## PROBLEM TO WORK ON
All entries below are to be written out again exactly, but no picture is to be copied.

## DATA
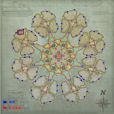 每个岛屿只有两个海港,四个岛屿之间的连接处有一个军事基地。 15级城市将成为各岛屿成员的优先攻击点。不过,你也可以尝试使用运输船攻击18座城市的扼杀策略。
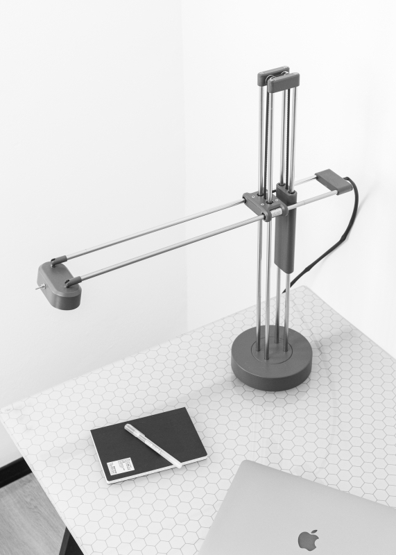 All you have to do is choose a point in the work space where the light beam fits, and with the right or left hand position the head, and NEKO will hold it steady.
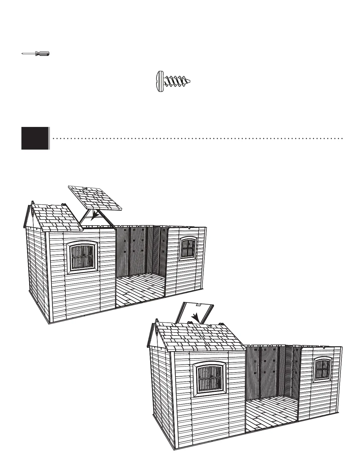 • Attach these Roof Panels (AGQ) in a similar manner as the previous Panels. Roof Panels in these locations only use ten
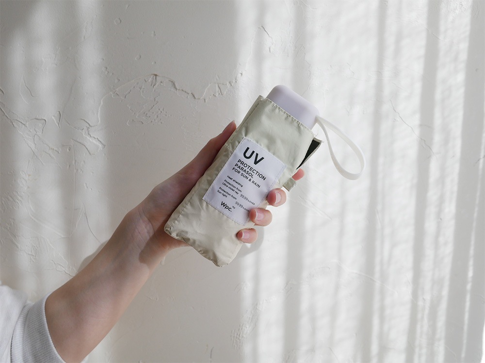 【Wpc./ダブリュピーシー】日陰を持ち歩く スマホサイズの折りたたみ傘 ベージュ
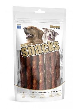 Měkká, přírodní masová pochoutka pro psy - tyčka z hovězí kůže obtočená plátkem lahodného kachního masa. Slouží jako odměna při hře, výcviku nebo jako doplněk stravy při cestách.
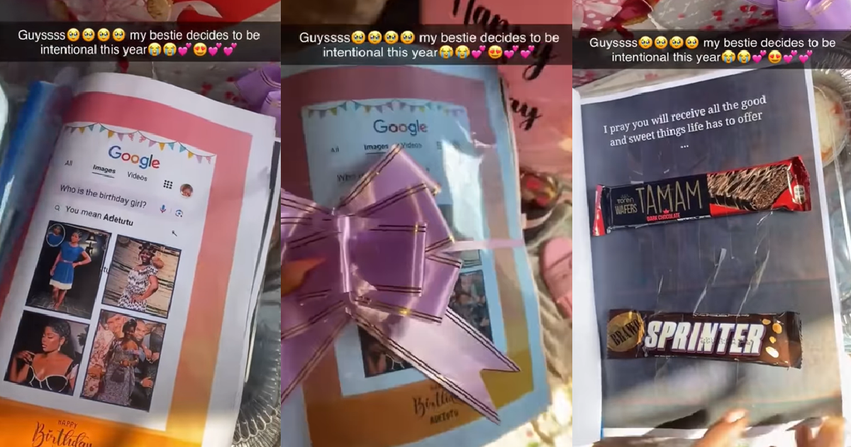 [ad_1] Netizens were impressed and touched by the video a woman posted of the thoughtful gifts her best friend had given her on her birthday. In the video, the lady @royaldee_events showed off what looked like a book that had been wrapped with a pink ribbon. The book was custom-madeContinue Reading
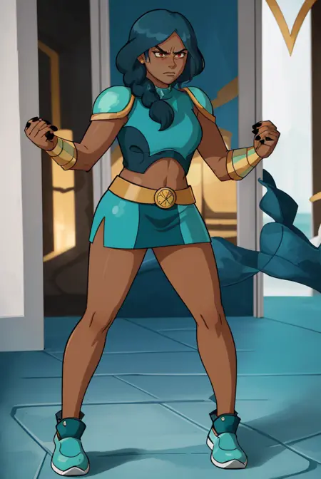 For her clothes: lora:mermistav118:0.7(mermista, single braid, dark-skinned female, paldrons, bracer, armor, pants)
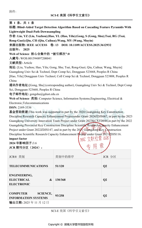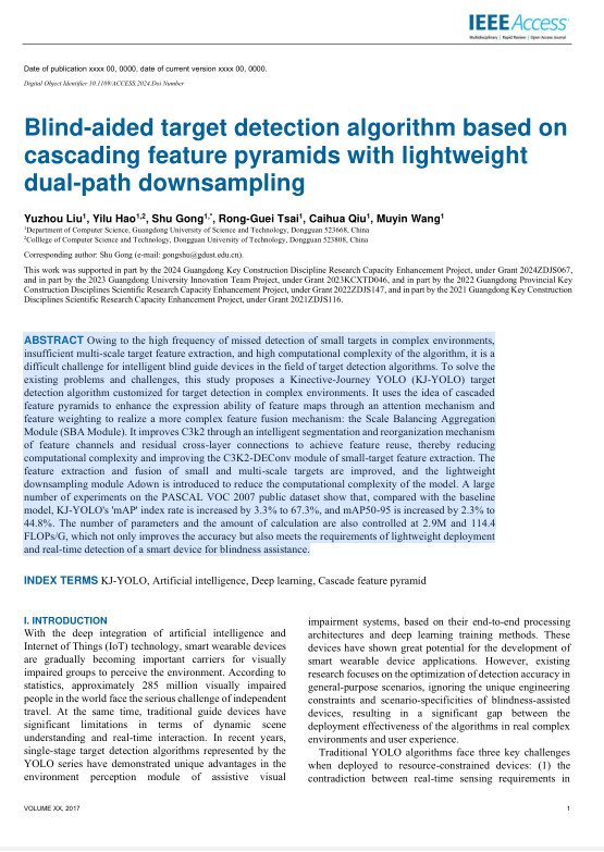 广东省人工智能大语言模型应用创新团队成员、23级本科生刘裕洲同学以第一作者身份,在SCI期刊《IEEE Access》(JCR Q2)上发表了题为《Blind-aided target detection algorithm based on cascading feature pyramids with lightweight dual-path downsampling》的研究论文(已于2025年10月被SCIE/EI检索)。该生提出的KJ-YOLO算法通过级联特征金字塔、注意力机制构建尺度平衡聚合模块,并改进特征复用结构与轻量下采样设计,提升了小目标检测性能(mAP达67.3%)并实现轻量化(参数量2.9M),满足了智能导盲设备对高精度、低计算负担的实时检测需求。

## RESPONSE TO THIS EXERCISE
 每个岛屿只有两个海港,四个岛屿之间的连接处有一个军事基地。 15级城市将成为各岛屿成员的优先攻击点。不过,你也可以尝试使用运输船攻击18座城市的扼杀策略。
 All you have to do is choose a point in the work space where the light beam fits, and with the right or left hand position the head, and NEKO will hold it steady.
 • Attach these Roof Panels (AGQ) in a similar manner as the previous Panels. Roof Panels in these locations only use ten
 【Wpc./ダブリュピーシー】日陰を持ち歩く スマホサイズの折りたたみ傘 ベージュ
 Měkká, přírodní masová pochoutka pro psy - tyčka z hovězí kůže obtočená plátkem lahodného kachního masa. Slouží jako odměna při hře, výcviku nebo jako doplněk stravy při cestách.
 [ad_1] Netizens were impressed and touched by the video a woman posted of the thoughtful gifts her best friend had given her on her birthday. In the video, the lady @royaldee_events showed off what looked like a book that had been wrapped with a pink ribbon. The book was custom-madeContinue Reading
 For her clothes: lora:mermistav118:0.7(mermista, single braid, dark-skinned female, paldrons, bracer, armor, pants)
 广东省人工智能大语言模型应用创新团队成员、23级本科生刘裕洲同学以第一作者身份,在SCI期刊《IEEE Access》(JCR Q2)上发表了题为《Blind-aided target detection algorithm based on cascading feature pyramids with lightweight dual-path downsampling》的研究论文(已于2025年10月被SCIE/EI检索)。该生提出的KJ-YOLO算法通过级联特征金字塔、注意力机制构建尺度平衡聚合模块,并改进特征复用结构与轻量下采样设计,提升了小目标检测性能(mAP达67.3%)并实现轻量化(参数量2.9M),满足了智能导盲设备对高精度、低计算负担的实时检测需求。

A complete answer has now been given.